7. The method of claim 1, further comprising controlling a rate of formation of the one or more electrolysis products by adjusting amperage between electrodes disposed in electrically conductive relation with the treatment fluid.

8. The method of claim 7, further comprising modulating the amperage to form a heterogeneous concentration of the one or more electrolysis products in the treatment fluid.

9. The method of claim 1, further comprising passing the treatment fluid through an electrolysis cell integrated into the flow path.

10. The method of claim 9, wherein the electrolysis cell comprises spatially separated electrodes.

11. The method of claim 10, wherein the electrodes are positioned upstream of the well and spatially separated across a pump in the treating line.

12. The method of claim 10, wherein a first one of the electrodes is disposed in the treating line and a second one of the electrodes of opposite polarity to the first one of the electrodes is disposed in a tank in fluid communication with the treating line.
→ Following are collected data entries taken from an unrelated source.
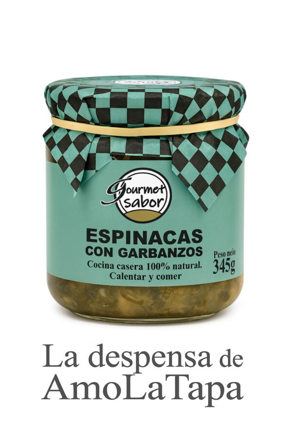 Un plato aparentemente sencillo lleno de sabor: Espinacas con garbanzos. Una opción saludable de comida preparada a partir de ingredientes 100% naturales y sin aditivos, que combina la frescura de las espinacas con la suavidad de los garbanzos. Haz diferentes tus comidas cotidianas, y añade a tu menú los garbanzos con espinacas, una elección nutritiva y deliciosa, lista para ser disfrutada cómodamente en minutos.
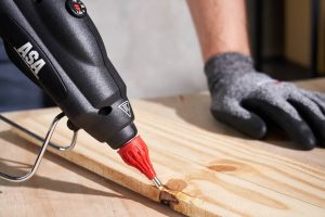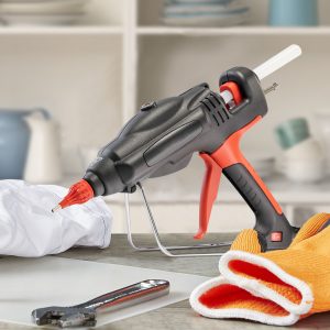 H-300 features a 300-watt thermostat heater with adjustable temperature 250°C-445°F, ergonomic grip, on/off switch, and stroke adjustor for precise glue output. It works with various nozzles for different applications and is suitable for both DIY and professional use.
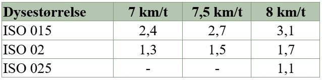 Tabellen viser hvilke hastigheder og tryk, der udbringer 90 liter pr. ha.
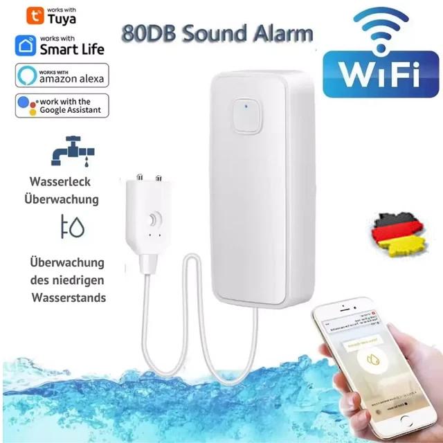 Schütze dein Zuhause vor Wasserschäden mit diesem smarten WLAN-Wassermelder! Bei Kontakt mit Wasser löst er sofort einen 100dB lauten Alarm aus und sendet eine Push-Benachrichtigung auf dein Smartphone. Perfekt für Küche, Bad, Keller oder Waschküche - überall wo Wasserschäden drohen. Die IP66 Wasserschutzklasse macht ihn robust gegen Spritzwasser. Mit der Smart Life App kannst du Szenen erstellen und den Batteriestand überwachen. Die CR2-Batterie hält über 6 Monate. Einfache Installation - einfach positionieren und mit der App verbinden. Kleines Gerät, großer Schutz vor teuren Wasserschäden!
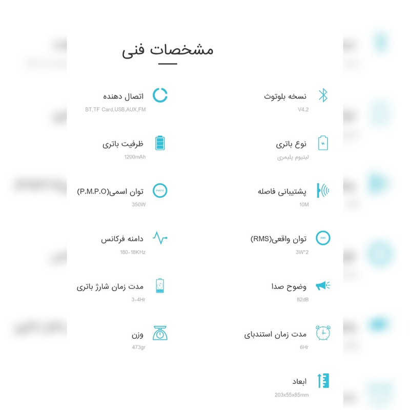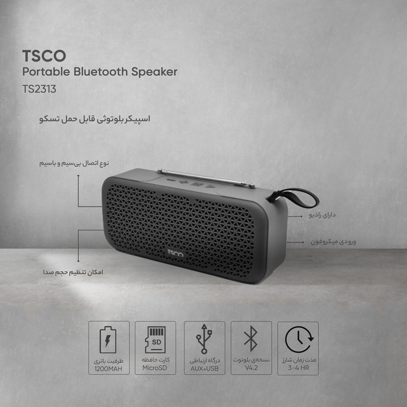 اسپیکر بلوتوث تسکو TS 2313 در ابعاد 203x55x85 میلیمتر و نوع اتصال بیسیم ساخته شده است. اتصال دهنده های این اسپیکر بلوتوث با نسخه 4.2 ، شیار کارت حافظه و USB بوده و از یک باتری لیتیومی با ظرفیت 1200 میلیآمپر ساعت بهره میگیرد. کیفیت پخش صدا این اسپیکر بلوتوث TS 2313 ، استریو و فرکانس پاسخگویی آن 18 تا 180 هزار هرتز است و از این جهت برای استفاده در مهمانی و دورهمی های دوستانه مناسب است. اسپیکر بلوتوث تسکو-TSCO مدل TS 2313 از میکروفون داخلی بهره میگیرد، که قابلیت برقراری تماس را به این محصول افزوده است. دکمه های تعبیه شده بر روی این محصول مدیریت دستگاه و پاسخ به تماس های دریافتی را آسان تر میکند.
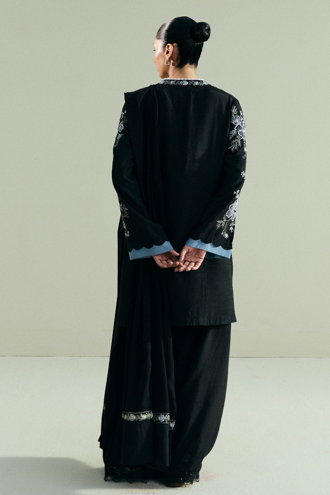 This classic black kurta is adorned with embroidery on the front, highlighted with a pop of color in the stitching for a subtle yet striking detail. It is paired with a traditional farshi shalwar that adds volume and grace. The look is completed with a tonal dupatta featuring delicate embroidery, tying the outfit together with understated elegance.

13. The method of claim 10, wherein at least one of the spatially separated electrodes is disposed downhole in the well.

14. A system to supply a treatment fluid downhole to a well, comprising:

an electrically conductive treatment fluid source;

a motive unit to flow the treatment fluid through a treating line in a flow path from the treatment fluid source to a downhole location in the well;

an electrolysis cell comprising a plurality of electrodes disposed in electrically conductive relation with the treatment fluid and comprising at least one of the electrodes integrated in the flow path; and

an electrical source to apply a voltage across the plurality of electrodes to form one or more electrolysis products in the treatment fluid.

15. The system of claim 14, wherein the treatment fluid comprises one or more electrolysis reactants to form the one or more electrolysis products.

16. The system of claim 14, wherein the treatment fluid comprises aqueous halide salt and the one or more electrolysis products comprise hypohalite.

17. The system of claim 16, wherein the treatment fluid comprises a viscosified fracturing fluid and the hypohalite is a breaker for the fracturing fluid.

18. The system of claim 14, wherein the treatment fluid comprises one or more carboxylic acids and the one or more electrolysis products comprise pH modifiers to raise the pH of the treatment fluid.

19. The system of claim 18, wherein the treatment fluid comprises a crosslinkable component and the pH modifiers are activators to activate crosslinking of the crosslinkable component.

20. The system of claim 14, further comprising a controller to adjust amperage and voltage between the electrodes.

21. The system of claim 14, wherein the electrolysis cell is positioned upstream of the well.

22. The system of claim 14, wherein the electrolysis cell is positioned downhole in the well.

23. The system of claim 14, wherein the motive unit comprises a pump and the electrodes are spatially separated across a pump in the treating line.

24. The system of claim 14, wherein a first one of the electrodes is disposed in the treating line and a second one of the electrodes of opposite polarity to the first one of the electrodes is disposed in a tank in fluid communication with the treating line.

25. A method to treat a subterranean formation penetrated by a wellbore, comprising:

providing a treatment fluid stage comprising a particulate-containing substage comprising a self-agglomerating solid composition;

injecting the treatment fluid stage above a fracturing pressure through a treating line and a wellbore in a flow path to a fracture in the formation;

modulating amperage to an electrolysis cell in the flow path to form a heterogeneous concentration of one or more electrolysis products to transform the self-agglomerating solid composition in the fracture into a channelized solids pack comprising clusters having a high concentration of solids, wherein the clusters are separated by open voids having a substantially reduced concentration of solids between the clusters; and

closing the fracture onto the clusters.